The Taurus molecular cloud, as seen in the infrared. Over 400 low-mass stars are forming in this region, which resides only ~400 light-years away from Earth.

Motivation

Stars form in large clouds of gas called molecular clouds. These clouds of predominately molecular hydrogen may undergo collapse from their own gravity, and this results in the formation of stars. These young stars can roam through the cloud and accrete additional material material. This gas the stars attempts to accrete, however, is threaded by a magnetic field, which affects the dynamics of the gas. Particularly, as gas is brought closer to the star, the gas drags with it the magnetic field, causing the field to build up around the star. This field resists further compression and can ultimately push material away from the star. How then can stars accrete more mass?


Gravity battles inertia, thermal pressure, and magnetic fields

Unfortunately, gravity is not only fighting against the magnetic field as it attempts to bring mass onto the star. Additionally, the random motions of the gas create a thermal pressure that tries to expand a gas out rather than compress it. Additionally, these molecular clouds also exhibit turbulence, where the gas is churning around in a chaotic fashion. This bulk motion of gas means gas could simply fly by a star rather than being pulled onto its surface. Gravity must overcome all three of these forces in order to successfully accrete gas onto the star. 

We can imagine a simple version of this scenario where gas is flowing past a stationary mass. Gas that passes very close to the mass will be pulled in easily and fall onto the star. Other gas may get pulled toward the star but overshoot the star, crashing into a wake behind the star. More distant gas may move in a slightly altered path but nonetheless pass by the star without being accreted. Around each star you could define a region of gravitational influence, where the gas is substantially diverted from its original path. The larger this region, the more mass will ultimately be accreted. Inertia, hotter gas, and stronger magnetic fields, however, shrink this region of influence. 

Region of gravitational influence. Adapted from Figure 1 of Lee & Stahler (2013), which uses this figure to describe a different (but related) phenomenon. 

Region of gravitational influence. Adapted from Figure 1 of Lee & Stahler (2013), which uses this figure to describe a different (but related) phenomenon. 


Two different flow morphologies. Both have the same magnetic field strength, but the gas in the right panel is moving ~4 times as fast as the gas in the left panel.
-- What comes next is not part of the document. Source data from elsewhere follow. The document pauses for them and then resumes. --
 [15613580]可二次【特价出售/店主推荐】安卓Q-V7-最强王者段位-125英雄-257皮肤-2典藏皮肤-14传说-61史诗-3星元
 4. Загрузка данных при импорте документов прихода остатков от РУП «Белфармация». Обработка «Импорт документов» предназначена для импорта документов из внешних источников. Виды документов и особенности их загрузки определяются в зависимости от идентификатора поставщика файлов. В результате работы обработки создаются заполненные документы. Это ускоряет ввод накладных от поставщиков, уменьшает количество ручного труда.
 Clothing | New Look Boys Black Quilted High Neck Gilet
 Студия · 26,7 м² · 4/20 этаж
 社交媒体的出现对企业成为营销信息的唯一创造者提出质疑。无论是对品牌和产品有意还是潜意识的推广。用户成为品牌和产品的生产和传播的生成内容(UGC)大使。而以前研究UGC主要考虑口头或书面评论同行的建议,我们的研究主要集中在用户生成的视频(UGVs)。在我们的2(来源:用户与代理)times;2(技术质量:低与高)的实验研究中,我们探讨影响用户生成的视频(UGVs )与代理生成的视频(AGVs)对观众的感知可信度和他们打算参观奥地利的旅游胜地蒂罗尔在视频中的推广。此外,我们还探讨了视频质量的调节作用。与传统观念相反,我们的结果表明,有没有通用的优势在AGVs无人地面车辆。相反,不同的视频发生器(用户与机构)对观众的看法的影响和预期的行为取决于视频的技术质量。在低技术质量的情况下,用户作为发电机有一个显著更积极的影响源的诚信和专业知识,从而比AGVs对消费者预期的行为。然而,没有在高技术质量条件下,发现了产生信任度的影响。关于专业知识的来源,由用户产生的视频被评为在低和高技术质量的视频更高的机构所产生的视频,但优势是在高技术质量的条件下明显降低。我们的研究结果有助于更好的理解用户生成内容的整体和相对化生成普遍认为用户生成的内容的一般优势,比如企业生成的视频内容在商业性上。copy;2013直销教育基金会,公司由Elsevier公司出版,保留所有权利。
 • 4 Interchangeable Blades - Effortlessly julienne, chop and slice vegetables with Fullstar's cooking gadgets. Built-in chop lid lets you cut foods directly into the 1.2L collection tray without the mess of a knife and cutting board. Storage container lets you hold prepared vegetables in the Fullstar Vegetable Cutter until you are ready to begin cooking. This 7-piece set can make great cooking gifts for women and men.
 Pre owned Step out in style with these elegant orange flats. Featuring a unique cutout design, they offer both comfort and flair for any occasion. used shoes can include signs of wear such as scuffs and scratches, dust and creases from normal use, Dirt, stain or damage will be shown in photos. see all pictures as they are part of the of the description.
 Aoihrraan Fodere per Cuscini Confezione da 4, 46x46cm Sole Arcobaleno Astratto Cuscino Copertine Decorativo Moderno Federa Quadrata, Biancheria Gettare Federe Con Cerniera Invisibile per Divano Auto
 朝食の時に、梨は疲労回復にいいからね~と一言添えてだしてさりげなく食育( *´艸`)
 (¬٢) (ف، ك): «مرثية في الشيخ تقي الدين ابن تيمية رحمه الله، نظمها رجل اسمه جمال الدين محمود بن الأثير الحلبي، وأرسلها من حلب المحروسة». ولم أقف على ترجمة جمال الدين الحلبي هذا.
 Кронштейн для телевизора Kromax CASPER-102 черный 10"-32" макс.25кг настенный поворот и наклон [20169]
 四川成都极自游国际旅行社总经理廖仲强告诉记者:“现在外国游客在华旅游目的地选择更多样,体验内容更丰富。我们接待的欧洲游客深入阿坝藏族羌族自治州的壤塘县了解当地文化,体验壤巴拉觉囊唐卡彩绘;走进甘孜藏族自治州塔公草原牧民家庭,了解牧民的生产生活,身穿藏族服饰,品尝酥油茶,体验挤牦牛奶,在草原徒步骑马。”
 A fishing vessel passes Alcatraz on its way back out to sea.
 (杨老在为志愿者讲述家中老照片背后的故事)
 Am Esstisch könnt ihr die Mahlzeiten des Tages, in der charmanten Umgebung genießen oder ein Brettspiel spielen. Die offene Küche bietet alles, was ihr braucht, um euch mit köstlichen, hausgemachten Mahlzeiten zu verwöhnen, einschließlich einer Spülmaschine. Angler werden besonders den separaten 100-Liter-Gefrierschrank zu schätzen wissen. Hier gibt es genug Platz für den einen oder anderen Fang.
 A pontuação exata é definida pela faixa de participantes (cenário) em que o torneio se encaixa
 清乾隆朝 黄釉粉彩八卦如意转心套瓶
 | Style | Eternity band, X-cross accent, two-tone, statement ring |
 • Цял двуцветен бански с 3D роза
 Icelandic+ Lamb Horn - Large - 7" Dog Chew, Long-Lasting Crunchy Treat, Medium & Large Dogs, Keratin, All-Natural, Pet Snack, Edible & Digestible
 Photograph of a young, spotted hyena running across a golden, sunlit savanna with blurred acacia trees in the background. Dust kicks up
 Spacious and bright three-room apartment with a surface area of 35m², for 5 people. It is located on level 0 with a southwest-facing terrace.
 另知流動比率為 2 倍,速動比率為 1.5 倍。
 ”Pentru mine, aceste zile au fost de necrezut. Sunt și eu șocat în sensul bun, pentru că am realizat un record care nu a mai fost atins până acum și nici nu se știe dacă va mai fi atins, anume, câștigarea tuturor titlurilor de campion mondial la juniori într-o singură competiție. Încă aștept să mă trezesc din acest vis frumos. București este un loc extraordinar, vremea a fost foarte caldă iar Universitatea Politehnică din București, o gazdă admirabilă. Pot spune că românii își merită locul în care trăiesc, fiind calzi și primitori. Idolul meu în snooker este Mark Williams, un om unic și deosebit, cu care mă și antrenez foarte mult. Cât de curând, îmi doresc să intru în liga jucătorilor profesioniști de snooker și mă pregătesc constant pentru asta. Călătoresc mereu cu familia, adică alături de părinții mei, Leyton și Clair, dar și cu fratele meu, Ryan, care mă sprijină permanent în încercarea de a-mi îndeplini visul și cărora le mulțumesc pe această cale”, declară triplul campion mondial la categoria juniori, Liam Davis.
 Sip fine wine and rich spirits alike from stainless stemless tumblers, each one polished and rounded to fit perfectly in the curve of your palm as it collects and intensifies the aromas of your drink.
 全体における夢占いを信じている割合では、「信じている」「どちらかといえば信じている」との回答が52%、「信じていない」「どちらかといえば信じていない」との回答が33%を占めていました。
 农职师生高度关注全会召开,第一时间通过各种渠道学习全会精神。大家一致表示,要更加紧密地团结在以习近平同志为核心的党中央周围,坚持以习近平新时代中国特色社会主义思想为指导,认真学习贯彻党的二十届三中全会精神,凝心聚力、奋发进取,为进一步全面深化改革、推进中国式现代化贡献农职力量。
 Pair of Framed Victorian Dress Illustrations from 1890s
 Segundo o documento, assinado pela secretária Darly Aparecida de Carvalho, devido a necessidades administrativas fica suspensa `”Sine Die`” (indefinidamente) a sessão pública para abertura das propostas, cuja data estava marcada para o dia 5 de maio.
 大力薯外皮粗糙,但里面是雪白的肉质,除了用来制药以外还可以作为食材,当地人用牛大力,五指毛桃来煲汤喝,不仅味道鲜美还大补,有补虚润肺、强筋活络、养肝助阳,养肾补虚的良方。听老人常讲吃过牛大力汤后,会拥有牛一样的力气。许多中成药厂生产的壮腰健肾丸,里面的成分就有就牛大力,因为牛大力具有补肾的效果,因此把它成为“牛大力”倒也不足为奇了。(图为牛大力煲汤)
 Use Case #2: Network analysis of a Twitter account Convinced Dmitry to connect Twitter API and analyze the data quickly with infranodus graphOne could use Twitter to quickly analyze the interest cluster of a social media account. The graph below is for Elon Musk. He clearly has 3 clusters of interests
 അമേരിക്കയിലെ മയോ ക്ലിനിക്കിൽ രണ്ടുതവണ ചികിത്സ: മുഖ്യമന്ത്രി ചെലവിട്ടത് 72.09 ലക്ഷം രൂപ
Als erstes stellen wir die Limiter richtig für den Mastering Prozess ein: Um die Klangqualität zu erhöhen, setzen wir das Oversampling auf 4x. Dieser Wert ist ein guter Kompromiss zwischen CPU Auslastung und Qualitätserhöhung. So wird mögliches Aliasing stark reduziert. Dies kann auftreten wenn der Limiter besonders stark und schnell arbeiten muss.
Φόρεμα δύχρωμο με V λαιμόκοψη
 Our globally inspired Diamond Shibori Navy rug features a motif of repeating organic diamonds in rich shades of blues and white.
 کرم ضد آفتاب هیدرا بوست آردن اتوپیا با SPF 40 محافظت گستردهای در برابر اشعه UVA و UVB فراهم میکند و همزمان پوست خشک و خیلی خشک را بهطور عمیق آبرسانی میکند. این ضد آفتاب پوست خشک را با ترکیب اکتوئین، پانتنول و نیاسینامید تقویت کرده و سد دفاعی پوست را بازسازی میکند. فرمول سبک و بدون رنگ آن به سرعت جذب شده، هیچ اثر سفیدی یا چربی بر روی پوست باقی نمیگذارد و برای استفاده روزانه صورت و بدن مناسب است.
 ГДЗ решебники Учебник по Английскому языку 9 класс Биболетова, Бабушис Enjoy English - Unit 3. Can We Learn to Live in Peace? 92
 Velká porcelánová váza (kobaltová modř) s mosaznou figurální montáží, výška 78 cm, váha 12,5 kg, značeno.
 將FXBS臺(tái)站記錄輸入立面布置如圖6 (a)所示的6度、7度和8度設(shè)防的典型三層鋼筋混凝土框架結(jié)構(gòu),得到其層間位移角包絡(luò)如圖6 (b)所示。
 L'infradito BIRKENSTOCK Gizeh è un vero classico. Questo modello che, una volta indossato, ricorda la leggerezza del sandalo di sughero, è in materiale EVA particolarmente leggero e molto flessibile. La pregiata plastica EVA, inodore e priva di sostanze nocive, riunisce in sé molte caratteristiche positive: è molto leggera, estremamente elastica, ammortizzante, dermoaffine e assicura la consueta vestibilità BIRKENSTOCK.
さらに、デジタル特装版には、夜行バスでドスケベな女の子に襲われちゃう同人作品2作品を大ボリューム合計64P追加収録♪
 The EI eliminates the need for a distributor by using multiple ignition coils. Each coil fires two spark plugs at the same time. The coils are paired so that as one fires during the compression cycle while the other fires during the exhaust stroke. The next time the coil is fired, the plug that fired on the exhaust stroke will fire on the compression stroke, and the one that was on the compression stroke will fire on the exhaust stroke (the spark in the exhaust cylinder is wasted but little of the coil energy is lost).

Arrows show gas velocity, green lines show example magnetic field lines, and brighter colors represent higher gas densities. The central object is shown as a black circle. 

Two different flow morphologies. Both have the same magnetic field strength, but the gas in the right panel is moving ~4 times as fast as the gas in the left panel. Arrows show gas velocity, green lines show example magnetic field lines, and brighter colors represent higher gas densities. The central object is shown as a black circle. 

How Stars Accrete

In regions of star formation, the thermal pressure is relatively well understood. The gas has cooled to ~10 Kelvin, which makes the thermal pressure simply a function of the mass density. In this study, we studied how magnetic fields and bulk gas motion affect the accretion of mass. A massive object was set moving through an initially uniform gas that was threaded by a magnetic field. This numerical study considered gas motions that ranged from sub-sonic (slower than the local speed of sound) to highly supersonic, as well as magnetic field strengths that were initially weak compared to the local thermal forces to orders of magnitude stronger. The magnetic field direction was either initially parallel or anti-parallel to the velocity of the massive particle. 

The figure here shows two examples. Both have the same magnetic field strength, but the figure on the left shows the result when the gas flows past the mass at slightly supersonic speeds (about ~1.4 times the speed of sound). The right figure has the gas moving at nearly five times the speed of sound. The morphology of the gas is quite different. On the left tangled magnetic fields become strong enough to launch a magnetic shock ahead of the accretor. On the right, the inertia of the gas is too large and the magnetic fields follow the gas into an over-dense wake behind the mass.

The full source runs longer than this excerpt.